═══ Supplied material
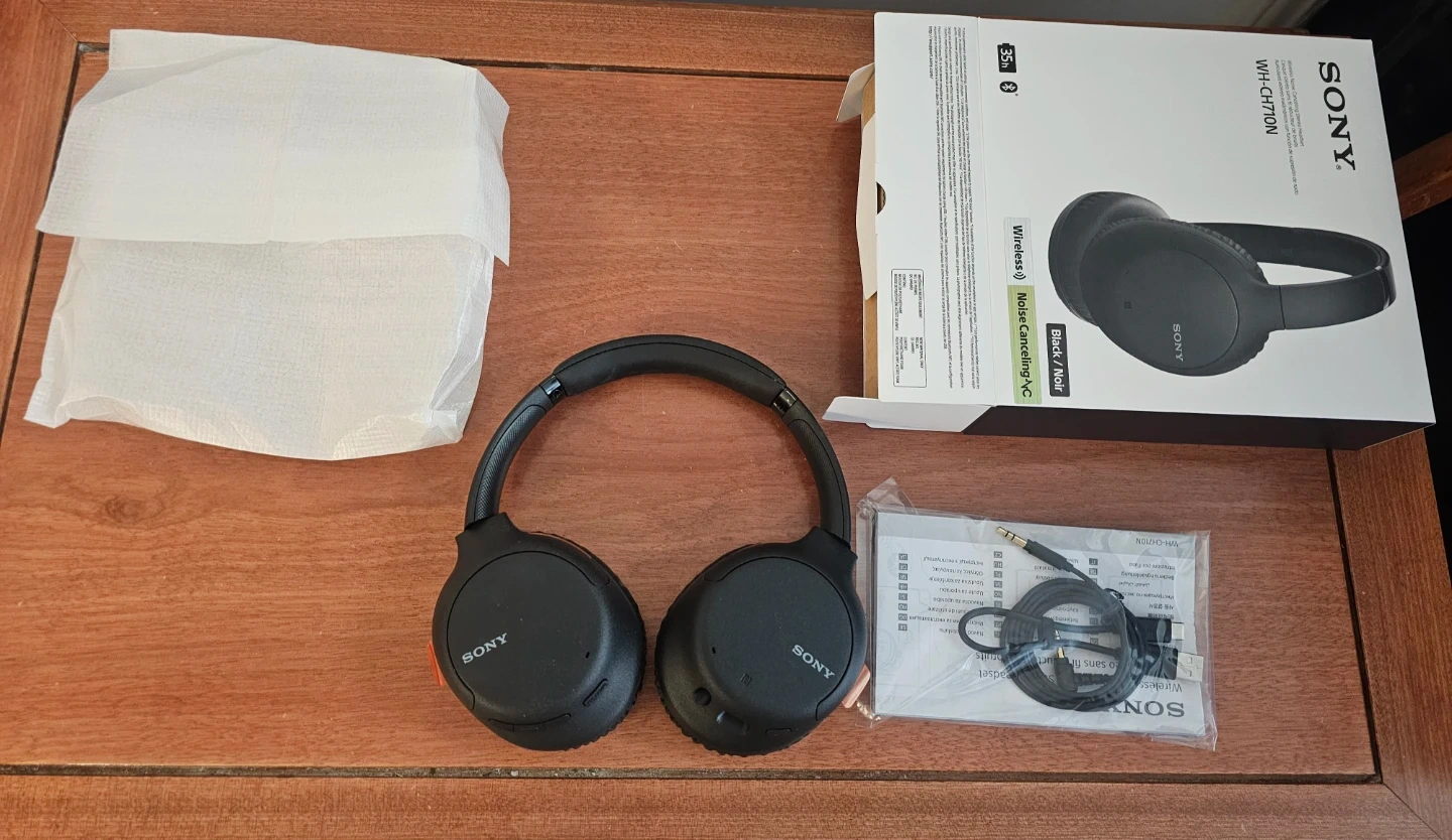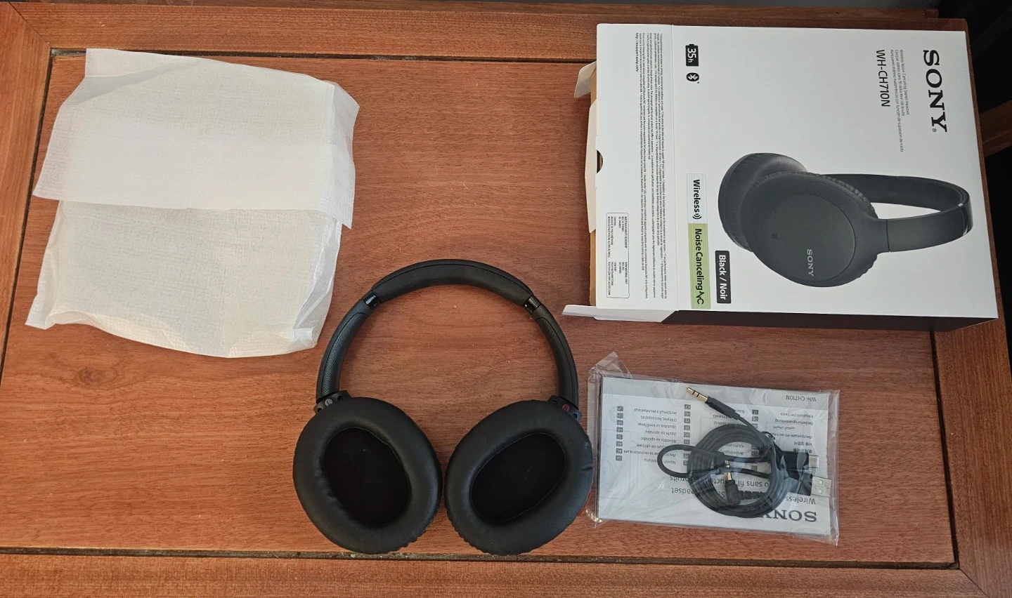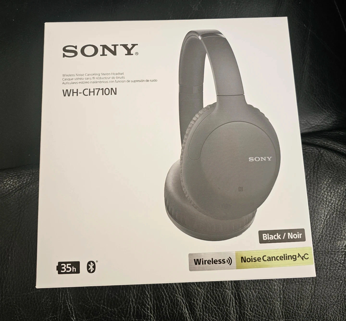 New and only opened for photo taking only.. Sony WH-CH710N wireless noise cancelling headphones in black. It's a black model with a 35-hour battery life. These headphones come with an audio cable and original packaging.
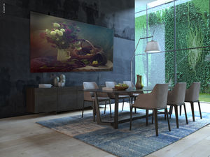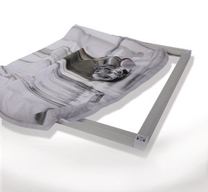 Die Stoffleinwand aus einem speziellen Polyestergewebe wird in einem Thermosublimationsver -fahren mit umweltfreundlichen Farben gedruckt und garantiert eine brilliante Farbintensität und eine angenehme Haptik. Die von Schneiderinnen exakt auf Maß genähten Leinwände werden mit Klett auf der Rückseite des Rahmens befestigt. So kann die Leinwand jederzeit und in wenigen Minuten aufgezogen und auch ausgewechselt werden. Der Stoff kann ohne Farbverlust bei 30 Grad bis zu 200 Mal gewaschen werden. Er ist schwer entflammbar, feuchtigkeits- und witterungsbeständig.
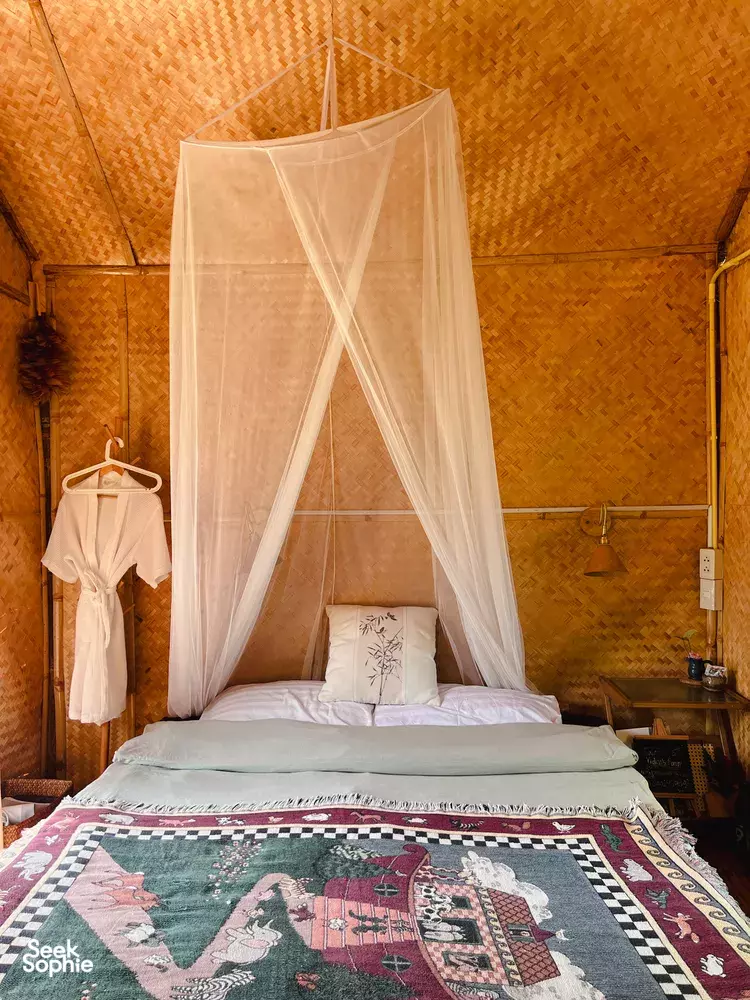 Escape the city and retreat into Chiang Dao’s quiet mountain valleys. This 3D2N slow living farmstay is for anyone who's looking to slow down and reconnect with nature.You'll wake up to mountain views, stretch and do morning yoga by a lotus pond, join a guided food foraging experience with the company of the friendliest rescue dogs and cats! The meals here are one of the best - homemade from the freshest ingredients from the organic farm. And if you feel like it, you can even join the chefs in the kitchen to cook! You'll also get to do some creative and artsy experiences like making your own eco-print fabric using natural pigments from stones, flowers, plants and indigo dye. Our favourite way to end the night is to do a lovely evening soak in the hidden hot springs around the farm. Come as you are, leave lighter, and a little more in love with life 💛About the sanctuaryThis heartfelt bamboo eco-sanctuary is lovingly built by Yidan. She was originally from China, came to Thailand for work, and somehow found herself in Chiang Dao, after a big life shift left her feeling burnt out. She wanted to reconnect with herself, and found that the quietness and slow life of Chiang Dao was what she needed to heal. So with her savings and her dog Lucky, she built this bamboo home (by hand!) and started a small organic garden. Now, she works closely with the locals to nurture this thoughtful space - a sanctuary for anyone who needs a little rest.Why Chiang Dao?Just 90 minutes north of Chiang Mai, Chiang Dao is a mountain haven known for its quiet valleys, hot springs, and breathtaking views of Doi Luang. Life here moves gently with animals wandering around - it's the perfect place to slow down and reconnect with yourself.What to ExpectStart your day slow with morning yoga by the lotus pond and beautiful mountain viewsFarm-to-Table meals: Enjoy yummy homemade breakfasts, lunches, and dinners made using fresh ingredients handpicked from the farm.Get creative with natural plant and flower dyes, and try your hand at indigo dyeing.Explore the farm alongside the farm animals - ducks, cats, and dogs - as Yidan shares stories of her sanctuary she built from scratchEnd your day with a relaxing soak in natural hot springsGood to KnowIncludes farmstay for 2 nights, return transfers from Chiang Dao Bus Station, 5 meals & 3 workshopsYou'll need to arrange your own transport to Chiang Dao Bus Station if coming from Chiang MaiWorkshops are designed for all levels - no experience neededThe retreat runs rain or shine, with indoor spaces available for wet weather daysThis is a private experience just for you and your group, though there may be other guests staying in separate rooms on the farmFacilitiesCommunal gathering spacesEco-friendly amenitiesHigh-speed WiFi (but you may not want to use it!)Cancellation policyCancel more than 10 days before your retreat: You'll receive a full refund.Cancel 7–5 days before: A 30% cancellation fee will be charged.Cancel less than 5 days before: A 50% cancellation fee will be charged.
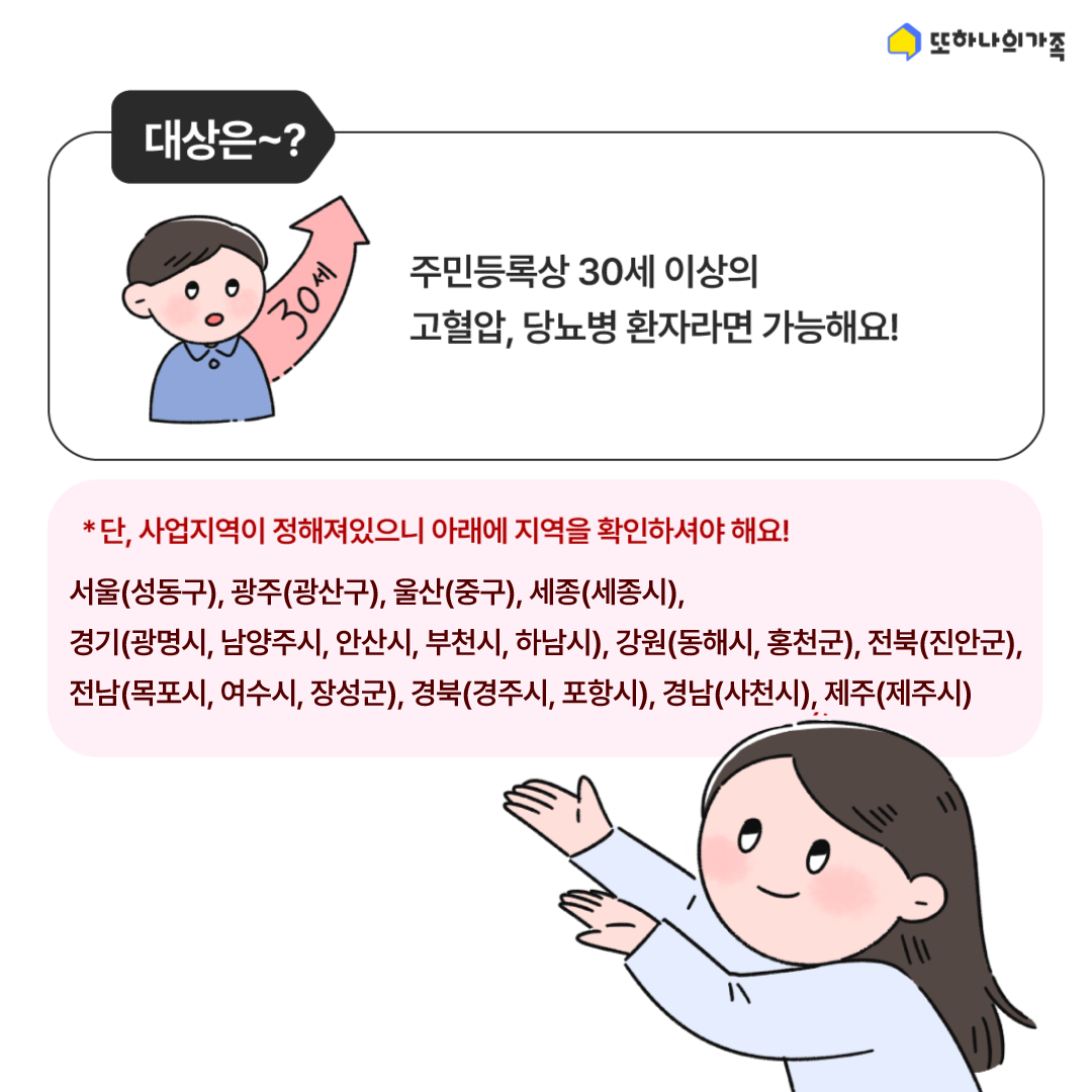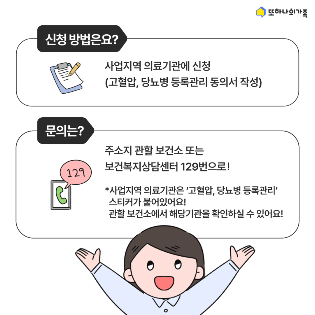 ◾ 병·의원을 처음 방문할 때 사업지역에 거주하는 주민임을 확인 할 수 있는 '주민등록증' 또는 '건강보험증'을 지참하고, 진료를 받기 전에 미리 '고혈압·당뇨병 등록관리 동의서'를 작성하면 지원 혜택을 받을 수 있어요!
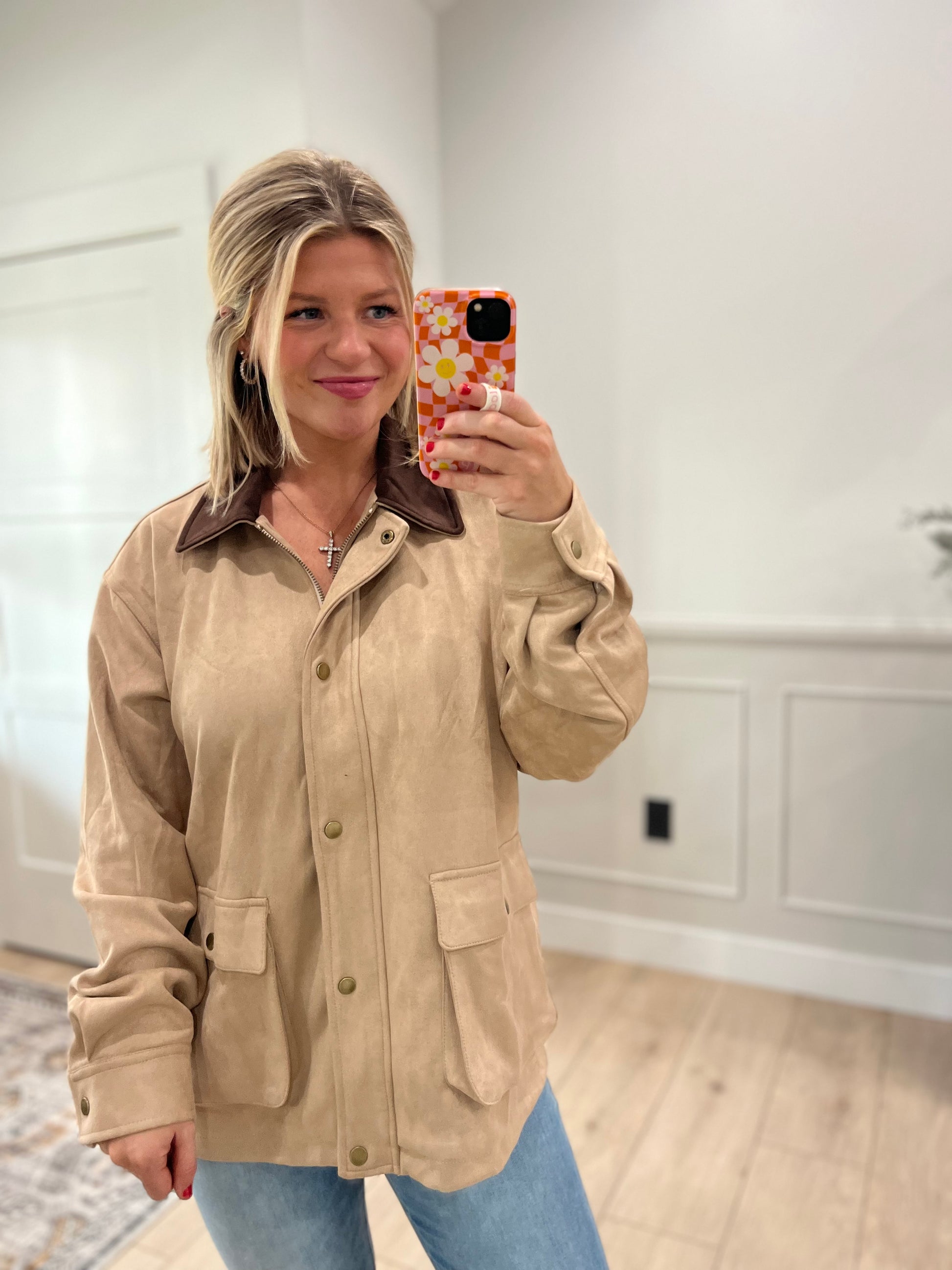 This utility jacket is crafted from a soft, suede fabric that gives it a rich and luxe appearance. Two large, functional pockets adorn the front and a distinctive dark brown collar adds a classic rustic charm. Ultra chic + COMFY! Made from 5% spandex with ultra stretch.
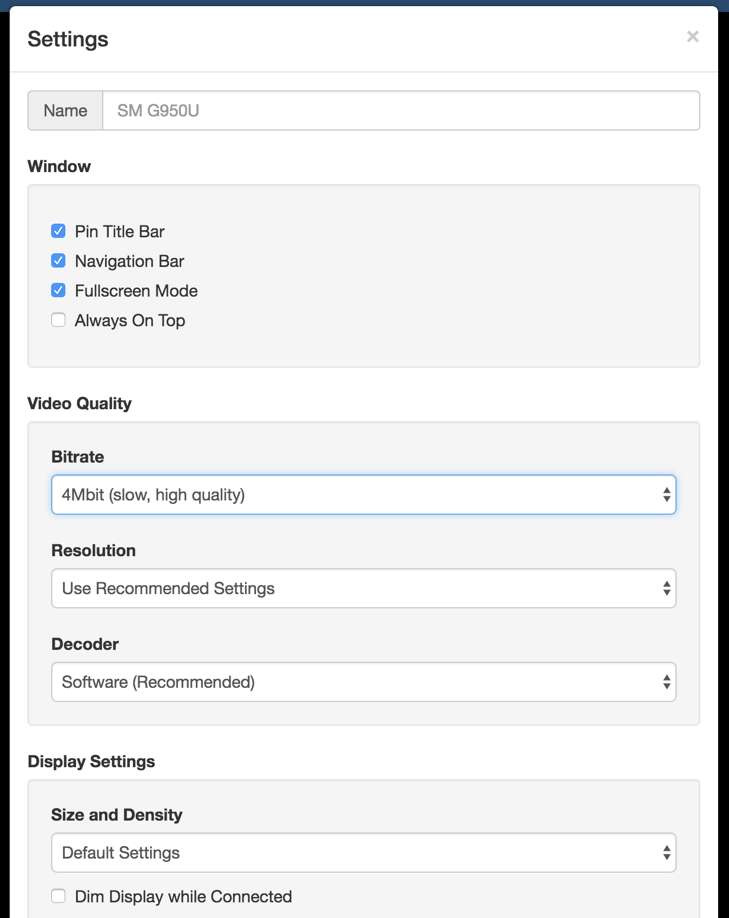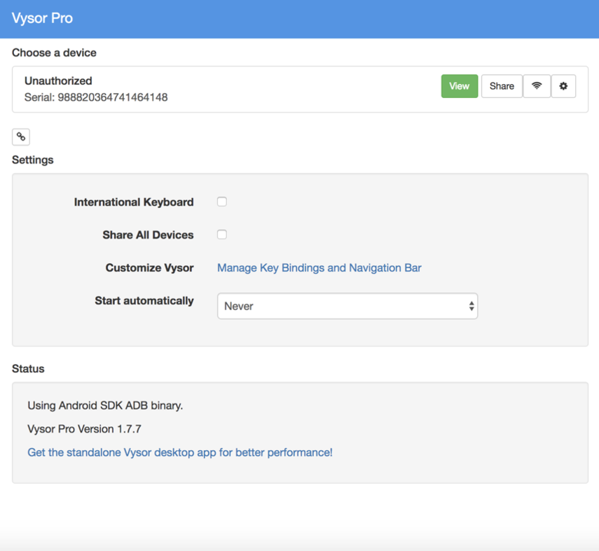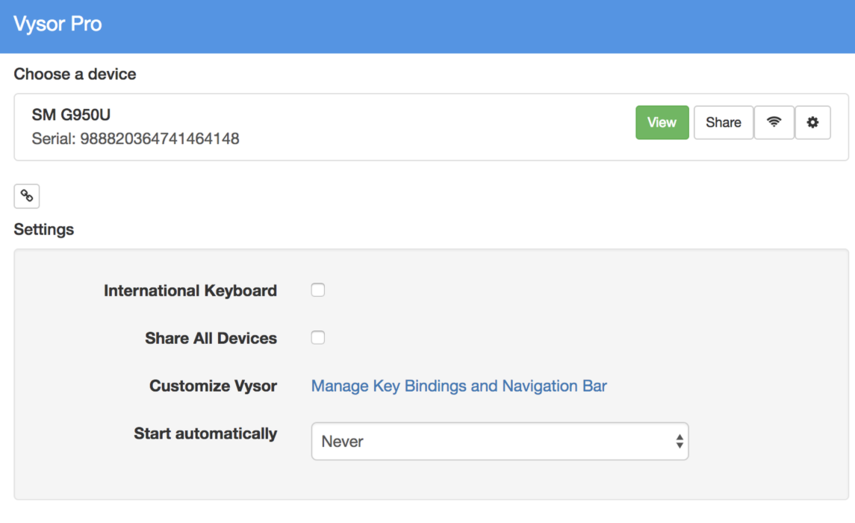Vysor Settings¶
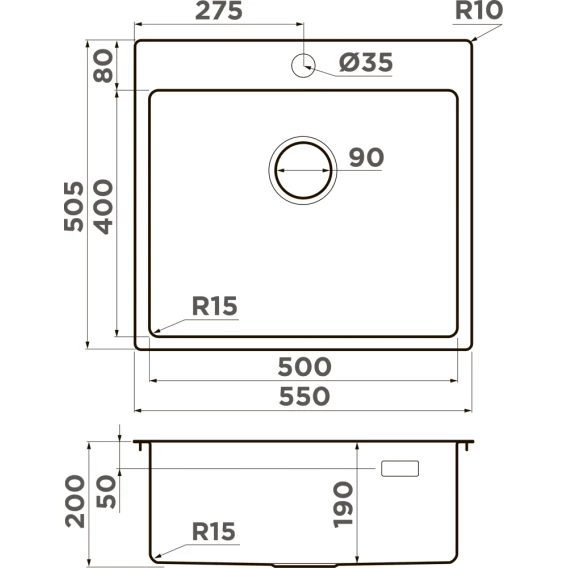 Кухонная мойка Omoikiri Amadare 55-IN 4993718 55x50,5 см, нержавеющая сталь
══════
Required action - Leave the images out and print each entry exactly.

Finished exercise -
 New and only opened for photo taking only.. Sony WH-CH710N wireless noise cancelling headphones in black. It's a black model with a 35-hour battery life. These headphones come with an audio cable and original packaging.
 Die Stoffleinwand aus einem speziellen Polyestergewebe wird in einem Thermosublimationsver -fahren mit umweltfreundlichen Farben gedruckt und garantiert eine brilliante Farbintensität und eine angenehme Haptik. Die von Schneiderinnen exakt auf Maß genähten Leinwände werden mit Klett auf der Rückseite des Rahmens befestigt. So kann die Leinwand jederzeit und in wenigen Minuten aufgezogen und auch ausgewechselt werden. Der Stoff kann ohne Farbverlust bei 30 Grad bis zu 200 Mal gewaschen werden. Er ist schwer entflammbar, feuchtigkeits- und witterungsbeständig.
 Escape the city and retreat into Chiang Dao’s quiet mountain valleys. This 3D2N slow living farmstay is for anyone who's looking to slow down and reconnect with nature.You'll wake up to mountain views, stretch and do morning yoga by a lotus pond, join a guided food foraging experience with the company of the friendliest rescue dogs and cats! The meals here are one of the best - homemade from the freshest ingredients from the organic farm. And if you feel like it, you can even join the chefs in the kitchen to cook! You'll also get to do some creative and artsy experiences like making your own eco-print fabric using natural pigments from stones, flowers, plants and indigo dye. Our favourite way to end the night is to do a lovely evening soak in the hidden hot springs around the farm. Come as you are, leave lighter, and a little more in love with life 💛About the sanctuaryThis heartfelt bamboo eco-sanctuary is lovingly built by Yidan. She was originally from China, came to Thailand for work, and somehow found herself in Chiang Dao, after a big life shift left her feeling burnt out. She wanted to reconnect with herself, and found that the quietness and slow life of Chiang Dao was what she needed to heal. So with her savings and her dog Lucky, she built this bamboo home (by hand!) and started a small organic garden. Now, she works closely with the locals to nurture this thoughtful space - a sanctuary for anyone who needs a little rest.Why Chiang Dao?Just 90 minutes north of Chiang Mai, Chiang Dao is a mountain haven known for its quiet valleys, hot springs, and breathtaking views of Doi Luang. Life here moves gently with animals wandering around - it's the perfect place to slow down and reconnect with yourself.What to ExpectStart your day slow with morning yoga by the lotus pond and beautiful mountain viewsFarm-to-Table meals: Enjoy yummy homemade breakfasts, lunches, and dinners made using fresh ingredients handpicked from the farm.Get creative with natural plant and flower dyes, and try your hand at indigo dyeing.Explore the farm alongside the farm animals - ducks, cats, and dogs - as Yidan shares stories of her sanctuary she built from scratchEnd your day with a relaxing soak in natural hot springsGood to KnowIncludes farmstay for 2 nights, return transfers from Chiang Dao Bus Station, 5 meals & 3 workshopsYou'll need to arrange your own transport to Chiang Dao Bus Station if coming from Chiang MaiWorkshops are designed for all levels - no experience neededThe retreat runs rain or shine, with indoor spaces available for wet weather daysThis is a private experience just for you and your group, though there may be other guests staying in separate rooms on the farmFacilitiesCommunal gathering spacesEco-friendly amenitiesHigh-speed WiFi (but you may not want to use it!)Cancellation policyCancel more than 10 days before your retreat: You'll receive a full refund.Cancel 7–5 days before: A 30% cancellation fee will be charged.Cancel less than 5 days before: A 50% cancellation fee will be charged.
 ◾ 병·의원을 처음 방문할 때 사업지역에 거주하는 주민임을 확인 할 수 있는 '주민등록증' 또는 '건강보험증'을 지참하고, 진료를 받기 전에 미리 '고혈압·당뇨병 등록관리 동의서'를 작성하면 지원 혜택을 받을 수 있어요!
 This utility jacket is crafted from a soft, suede fabric that gives it a rich and luxe appearance. Two large, functional pockets adorn the front and a distinctive dark brown collar adds a classic rustic charm. Ultra chic + COMFY! Made from 5% spandex with ultra stretch.
Vysor Settings¶
 Кухонная мойка Omoikiri Amadare 55-IN 4993718 55x50,5 см, нержавеющая сталь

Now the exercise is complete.